PDA

View Full Version : Troubleshooting fun!



Airbozo
12-03-2007, 01:40 PM
OK, So I have been working on a build for a customer that will be used to replace an SGI Octane2 in a medical device. Here are the specs;

Supermicro 3u server 8 drive bays and triple redundant PSU's
Dual quad core xeons
16gb of memory
nVidia 8500 512
adaptec 3805 raid controller
3x 300 GB SAS drives in raid 5 (for the os and sql)
3x 500 GB SATA-II drives in raid 5 (for data)

One of the great features of the 3805 (and the reason we use it) is the ability to connect SAS and SATA drives to the same controller _and_ even in the same raid set (although it would degrade the performance of the sas drives to the sata drives, so why would you bother).
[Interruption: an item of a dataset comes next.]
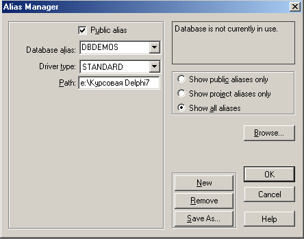 как Для создания псевдонима выполним команду Тоо1s/Аlias Мапаger, и появится окно Аlias Маnаgег. Нажмем кнопку New и в поле Database alias введем имя псевдонима Учет, кнопкой Вrowse выберем наш каталог с базой Люди, далее Кеер New и ОК. Командой File/Working Directory установим текущий каталог, выбрав псевдоним Курсовая в списке Alias, займемся созданием таблиц.

I setup the system with the first 3 drives as sas raid 5 and the second 3 drives as sata raid 5, start the initialization and reboot into the windows server 2003 x64 install. Press F6 to install drivers, load drivers, select partition and start the install. The system gets to the point of reboot and when it comes back up I get an error with one of the sas drives. The raid controller complains that it can not find one of the sas drives. I go into the Adaptec bios and check the drives and they all seem fine. Reboot to finish the initialization and I get another failed drive (not the same one).

OK, swap the controller, cables and backplane of the array. Still fails. Called SuperMicro and Adaptec and setup the second and third systems to test. Same failures. I know that this functions as these are not the first systems to be setup this way. We have delivered 12 identical systems since March and have had no issues.
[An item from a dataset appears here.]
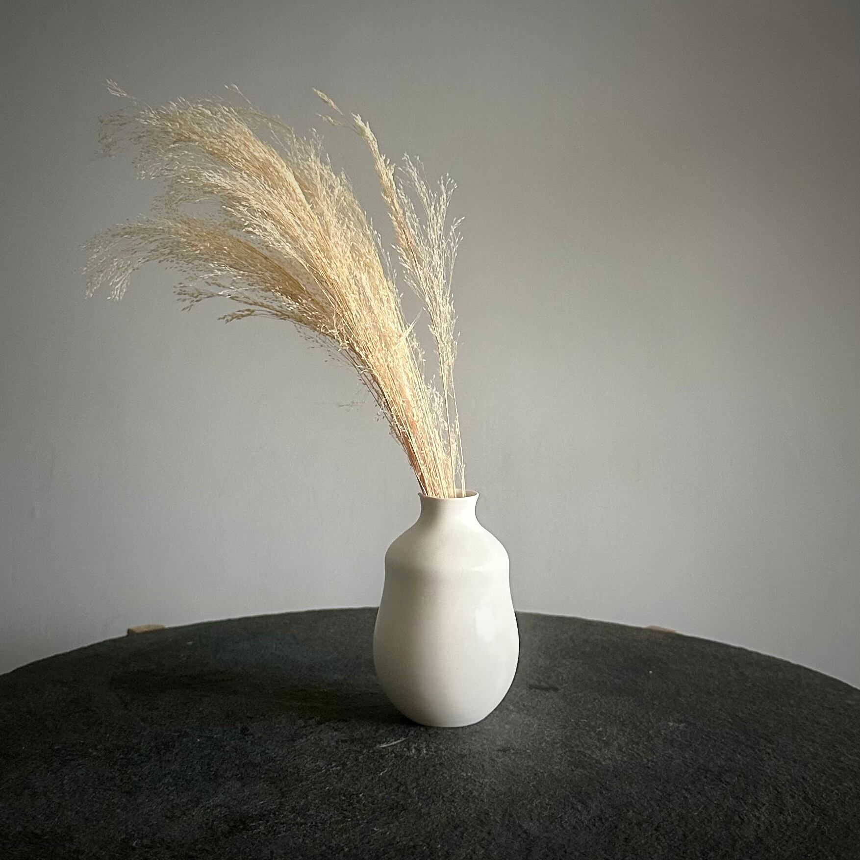 「一輪挿し(白)A」は、優雅でミニマルなデザインが魅力。柔らかい白のトーンとすっきりとしたフォルムは、一輪の花を飾るだけで空間を洗練された雰囲気に変える力を持っています。どんな花とも相性が良く、インテリアに自然なアクセントを加えるアイテムです。

I found that the only difference is that the Backplanes have been upgraded to version 2.2 and a new company is manufacturing them for SuperMicro.

OK now the funny part. We purchase quite a bit of product from Adaptec and they are close, so they sent one of their high level engineering managers over to gather some info and try to find a workaround. The Adaptec rep, Grace Wang shows up and I take her into the lab to show her the issue. Only problem? I cannot get any of the three systems to fail. I spent the next half hour rebooting systems waiting for it to fail. Nothing. Typical that the engineer shows up and sees nothing wrong. On a hunch I wiped out both raid sets on one system and re-configure them, and reboot. YAY! It failed!

Turns out the problem only happens when _both_ the SAS and SATA raid sets are initializing and the system gets rebooted. Currently the workaround is to _only_ configure the SAS raid set, then install the OS and utilities, then once the SAS drives are initialized (several hours), it is OK to configure and initialize the SATA raid set. Adaptec considers this a major issue since they tout the fact that you can run both drives off of one card and the initialization is _supposed_ to be transparent to the operation of the system (except for a performance hit on the drives during initialization).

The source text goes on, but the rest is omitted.